Look below for the line with "Mesa de Centro", then repeat it and all lines after it, exactly, minus any pictures.

*Material provided*.
┌────────
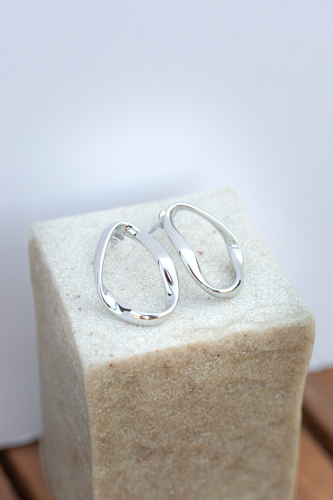 Estos pendientes de acero inoxidable con un diseño orgánico y curvado evocan movimiento y modernidad. Su forma fluida abraza el lóbulo con elegancia, logrando un equilibrio entre minimalismo y sofisticación.
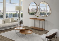 Mesa de Centro Debora Redonda produzida em chapa de MDF no tampo/estrutura e laterais revestida com madeira Sumauma, pintura a mão.
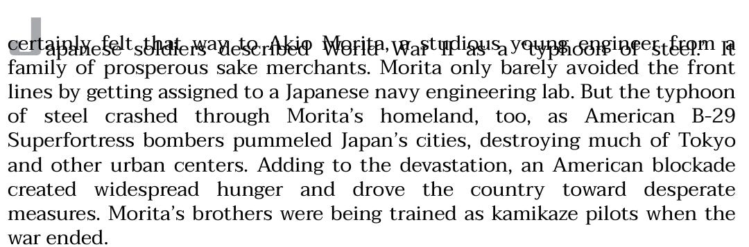 From Japanese perspective - Akio Morita (Sony Founder) perspective — World War II was a “typhoon of steel” — because the war was operated from an industrial power base, particularly through continuous bombing, shelling and firing bullets:
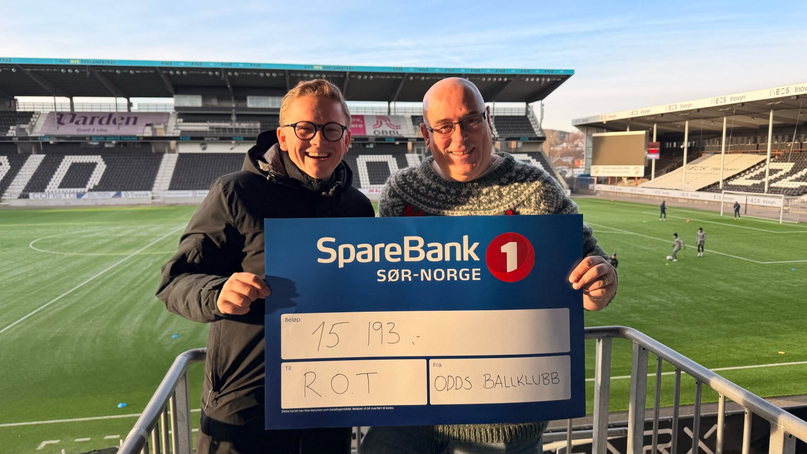 I forbindelse med opprykkskampene på Skagerak Arena gikk en andel av billettinntektene til Odd. Denne summen – 15 193 kroner – valgte vi å gi videre til R.O.T., en bruker- og pårørendeorganisasjon innen avhengighet, drevet av ildsjelen Emil Sølyst.
└────────
*Exercise solution*.
 Mesa de Centro Debora Redonda produzida em chapa de MDF no tampo/estrutura e laterais revestida com madeira Sumauma, pintura a mão.
 From Japanese perspective - Akio Morita (Sony Founder) perspective — World War II was a “typhoon of steel” — because the war was operated from an industrial power base, particularly through continuous bombing, shelling and firing bullets:
 I forbindelse med opprykkskampene på Skagerak Arena gikk en andel av billettinntektene til Odd. Denne summen – 15 193 kroner – valgte vi å gi videre til R.O.T., en bruker- og pårørendeorganisasjon innen avhengighet, drevet av ildsjelen Emil Sølyst.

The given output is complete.